Number of iterations = 9
History of steps h : [100000.0, 25000.0, 6250.0, 1562.5, 390.625, 97.65625, 24.4140625, 6.103515625, np.float64(12.20703125), np.float64(17.263349150062194)]
Last step h : 17.263349150062194

Then we compute the exact step, using compute_step().

third_derivative = problem.get_third_derivative()
third_derivative_value = third_derivative(x)
print(f"f^(3)(x) = {third_derivative_value}")
absolute_precision = 1.0e-16
exact_step, absolute_error = nd.FirstDerivativeCentral.compute_step(
    third_derivative_value, absolute_precision
)
print(f"Optimal step k for f'(x) using forward F.D. = {exact_step}")

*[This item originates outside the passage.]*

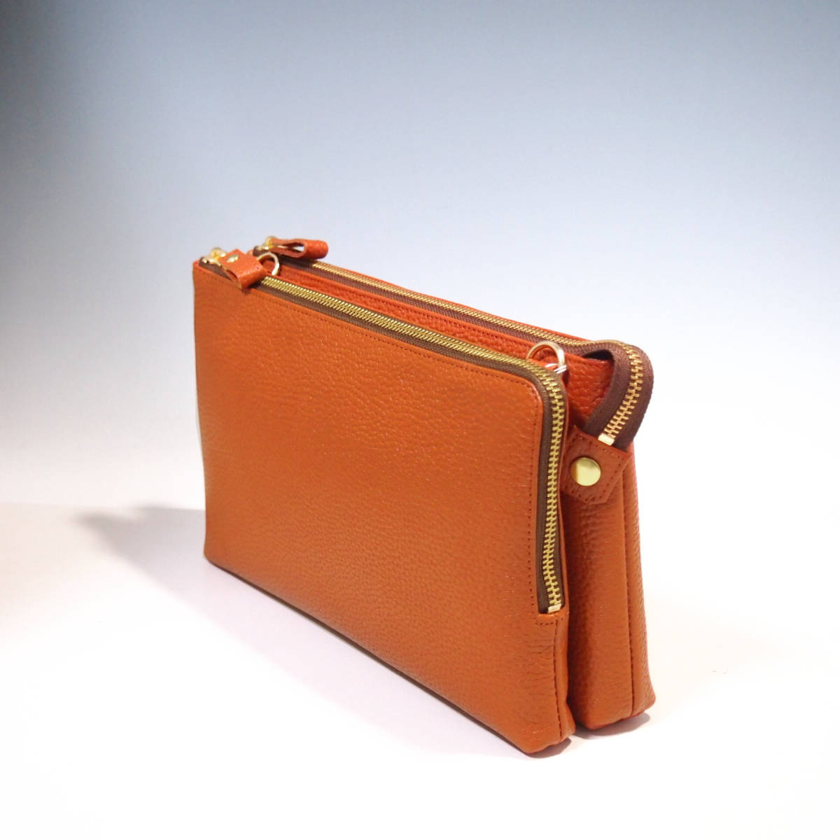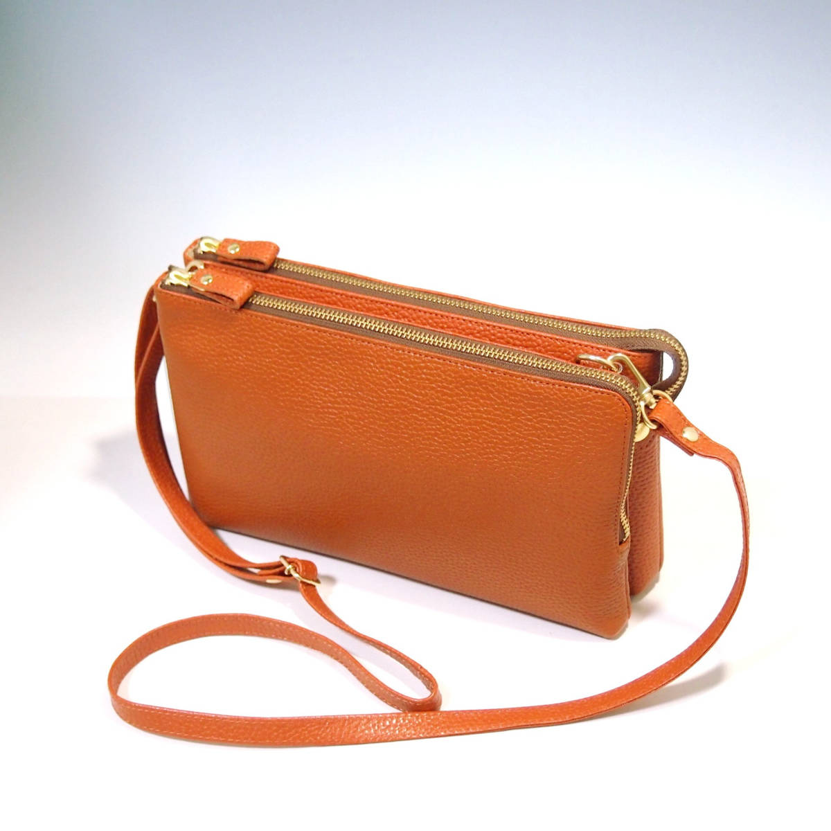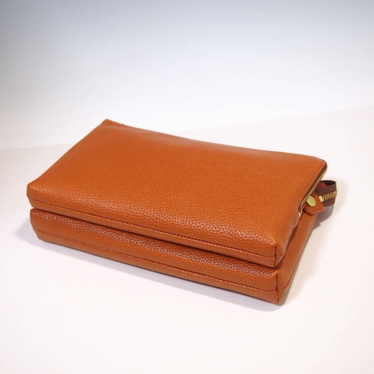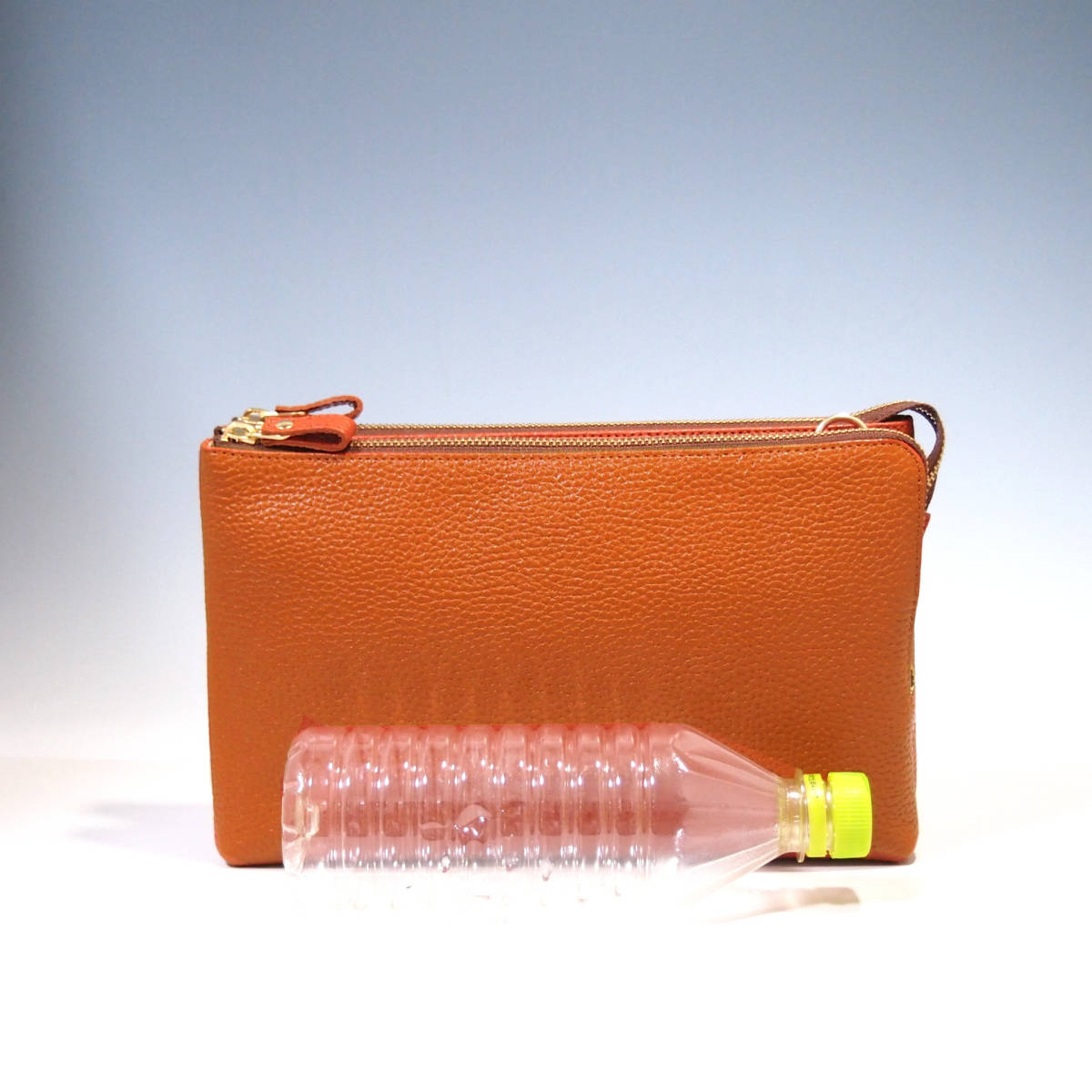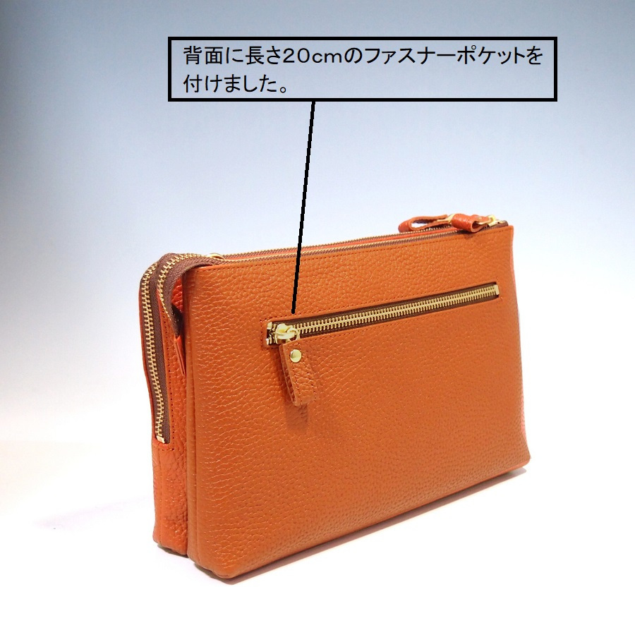 ★ハンドメイド★日本製★本革★お財布ポシェット★サコッシュ★L字ファスナー・特大寸★斜め掛けショルダーバッグ★オレンジチャ色★

f^(3)(x) = -9.999990000005e-19
Optimal step k for f'(x) using forward F.D. = 6.694331732265233

Plot the absolute error between the exact step k and the intermediate k of the algorithm.

error_step_h = [abs(step_h_history[i] - exact_step) for i in range(len(step_h_history))]
fig = pl.figure(figsize=(4.0, 3.0))
pl.title(f"Shi, Xie, Xuan & Nocedal on {name} at x = {x}")
pl.plot(range(len(step_h_history)), error_step_h, "o-")
pl.xlabel("Iterations")
pl.ylabel(r"$|h_i - h^\star|$")
pl.yscale("log")
ax = fig.gca()
ax.xaxis.set_major_locator(MaxNLocator(integer=True))
pl.tight_layout()

The previous figure shows that the algorithm converges relatively fast. The absolute error does not evolve monotically.